Data records
◆ ◆ ◆ ◆ ◆ ◆ ◆

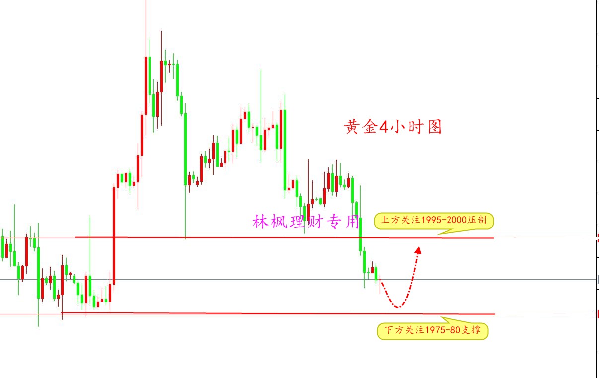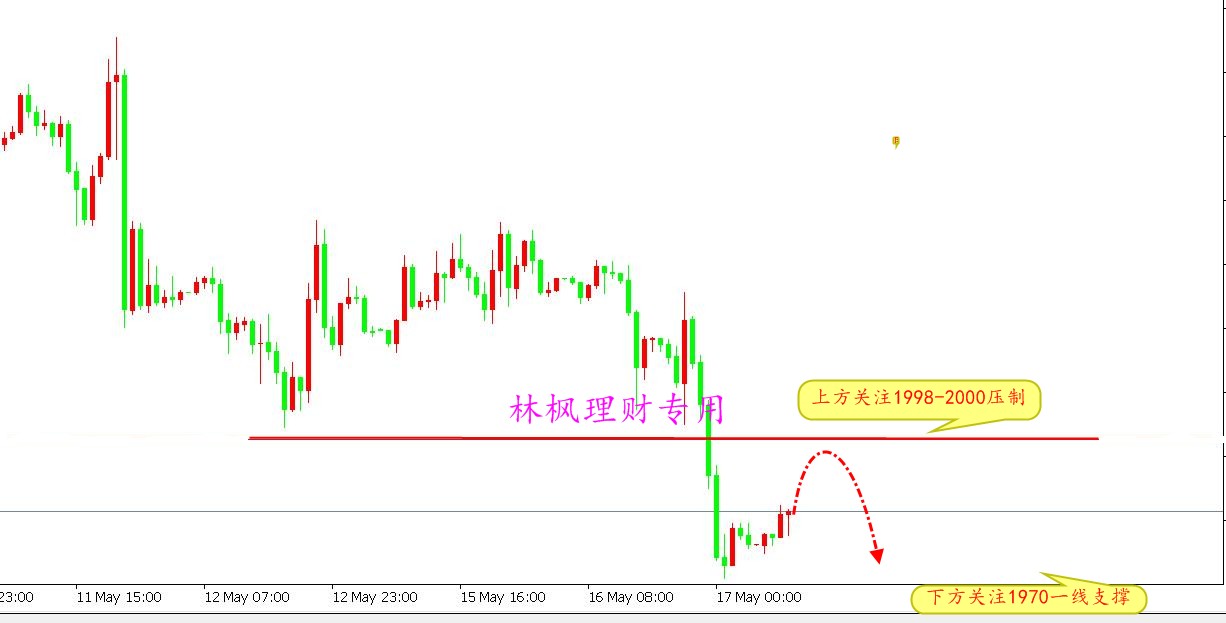林枫理财:黄金如期破位下跌,坚信目标1867 昨日破位2000到2050区域震荡,那么顶底转换2000到2006区域就是成压力,也是反弹再次做空区域,当然如果弱势也许不给你反弹这里,毕竟横盘一个多月,破位走势应该是多空分歧选择方向调整,那么多头撤退,空头再次控制盘面,熟悉盘面行情现在回到1970到2006区域横盘,只要破位1970才能打开下跌空间。同时3月银行破产倒闭高开的缺1867没有回补,伴随加息进入尾声,银行破产也是稍微缓解,自然避险不那么强烈,消息增大波动的幅度和力度,不会改变趋势,当消息过后最后哪里来到哪里去,其实任何品种都是市场人气资金推动,主力借助提前消息兑现炒作,拉高诱多你接
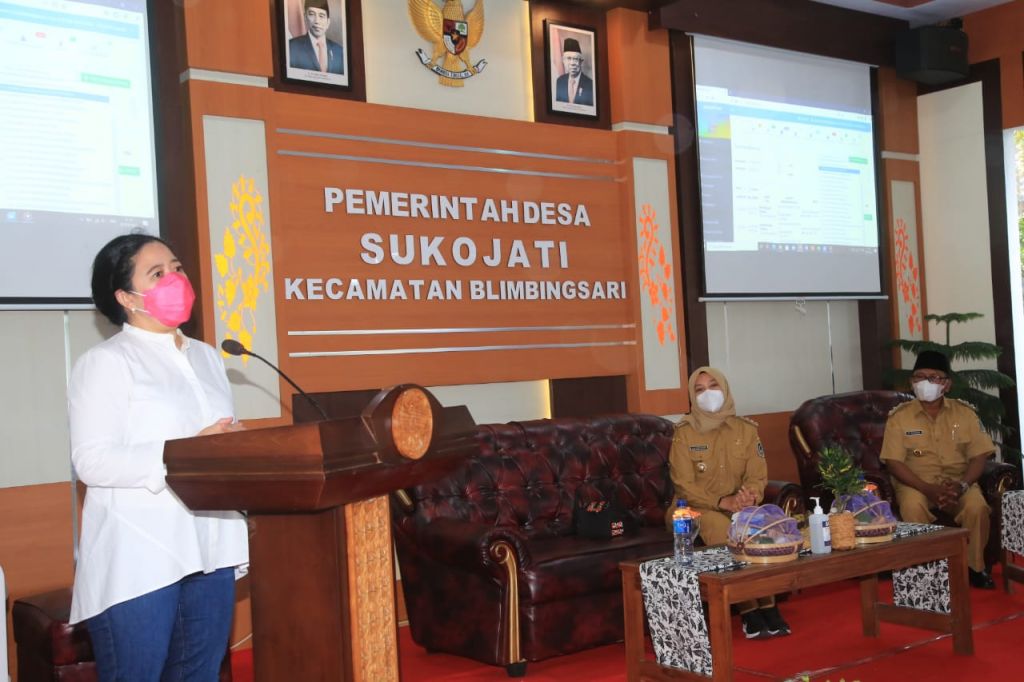 Didampingi Bupati Banyuwangi Ipuk Fiestiandani dan Wakil Bupati Sugirah, Puan mengunjungi kantor Desa Sukojati, Kecamatan Blimbingsari.
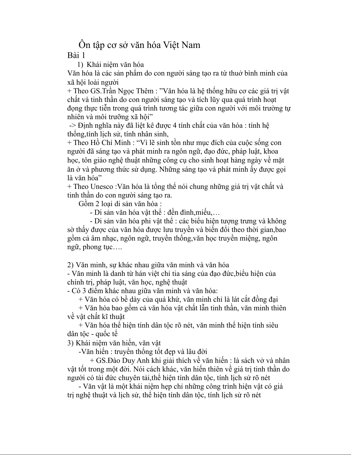 Ôn tập cơ sở văn hóa Việt Nam Bài 1 1) Khái niệm văn hóa
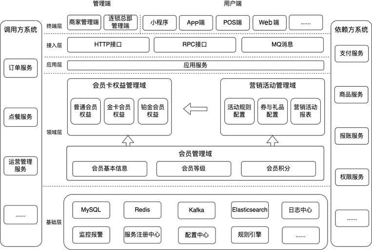 我们需要先把架构设计做好水平和垂直划分,对应于DDD中提出的战略设计部分,他是架构设计中的核心稳定的主体结构,就像设计房屋大厦中的主体结构一样,一经设计,未来如果需要大变动,那么将会付出非常大的代价的。在软件的架构设计中,这个主体主要包括微服务如何划分,各服务之间的依赖关系是什么样的,以及各微服务内部的层次结构是什么样的。在会员系统项目中,各微服务和模块设计如下图所示:
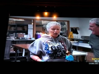 Kendra Wilkinson learns to dip chocolate at Candy House, Joplin, MO.
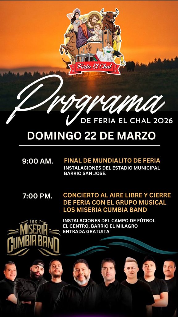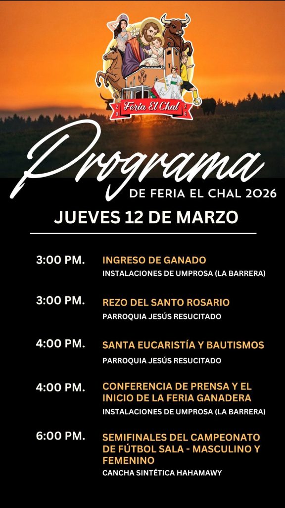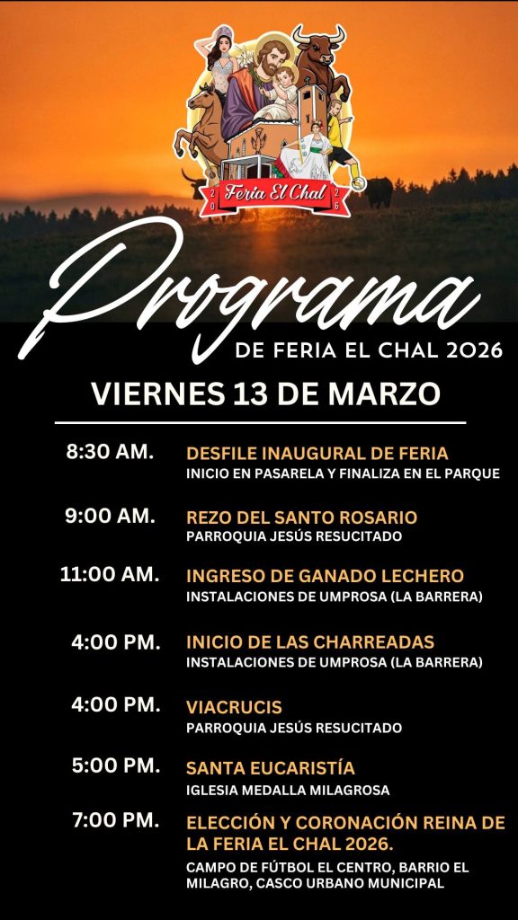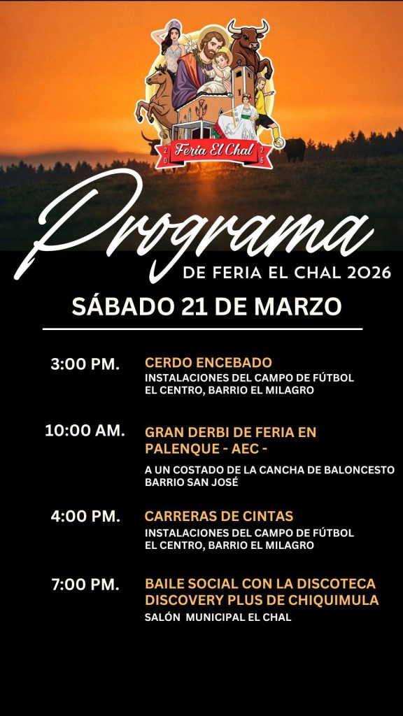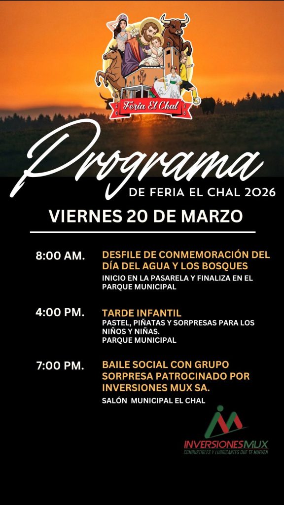 El señor Alcalde Municipal, Elías Calderón Álvarez y el Comité de Feria, tienen el honor de invitar a toda la población chalence y visitantes de municipios vecinos a disfrutar de las actividades de la Feria Patronal y Ganadera de nuestro querido municipio de El Chal.
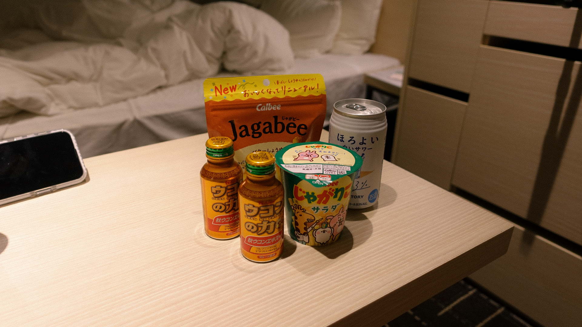 호텔에 체크인하고 바로 옆 건물 1층 라멘집에서 허기를 때운 뒤 편의점에 들러 이것저것 과자를 사왔다. 라멘집에서 맥주를 마셔서 숙취해소제도 샀다. 효과가 좋더라.
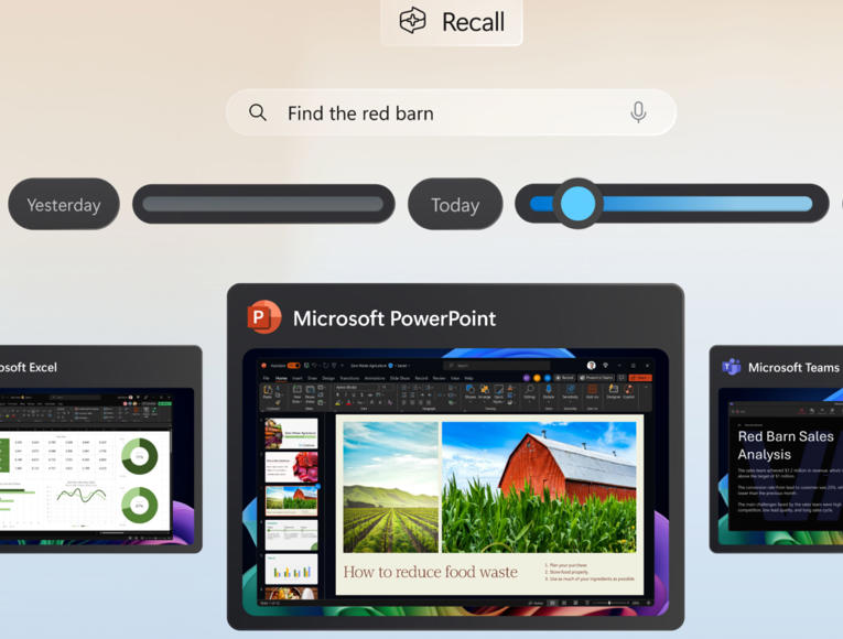 Use Recall¹ to search securely across a personal local device timeline, including apps, documents, and communications, to find and predict the most relevant content. With just a few words, describe what you are trying to find using natural language prompts.

◆ ◆ ◆ ◆ ◆ ◆ ◆

Quote, please, only the lines running from the one with "我们需要先把架构设计做好水平" down to the final line of the data above, keeping both ends and skipping the pictures.

**The answer**
 我们需要先把架构设计做好水平和垂直划分,对应于DDD中提出的战略设计部分,他是架构设计中的核心稳定的主体结构,就像设计房屋大厦中的主体结构一样,一经设计,未来如果需要大变动,那么将会付出非常大的代价的。在软件的架构设计中,这个主体主要包括微服务如何划分,各服务之间的依赖关系是什么样的,以及各微服务内部的层次结构是什么样的。在会员系统项目中,各微服务和模块设计如下图所示:
 Kendra Wilkinson learns to dip chocolate at Candy House, Joplin, MO.
 El señor Alcalde Municipal, Elías Calderón Álvarez y el Comité de Feria, tienen el honor de invitar a toda la población chalence y visitantes de municipios vecinos a disfrutar de las actividades de la Feria Patronal y Ganadera de nuestro querido municipio de El Chal.
 호텔에 체크인하고 바로 옆 건물 1층 라멘집에서 허기를 때운 뒤 편의점에 들러 이것저것 과자를 사왔다. 라멘집에서 맥주를 마셔서 숙취해소제도 샀다. 효과가 좋더라.
 Use Recall¹ to search securely across a personal local device timeline, including apps, documents, and communications, to find and predict the most relevant content. With just a few words, describe what you are trying to find using natural language prompts.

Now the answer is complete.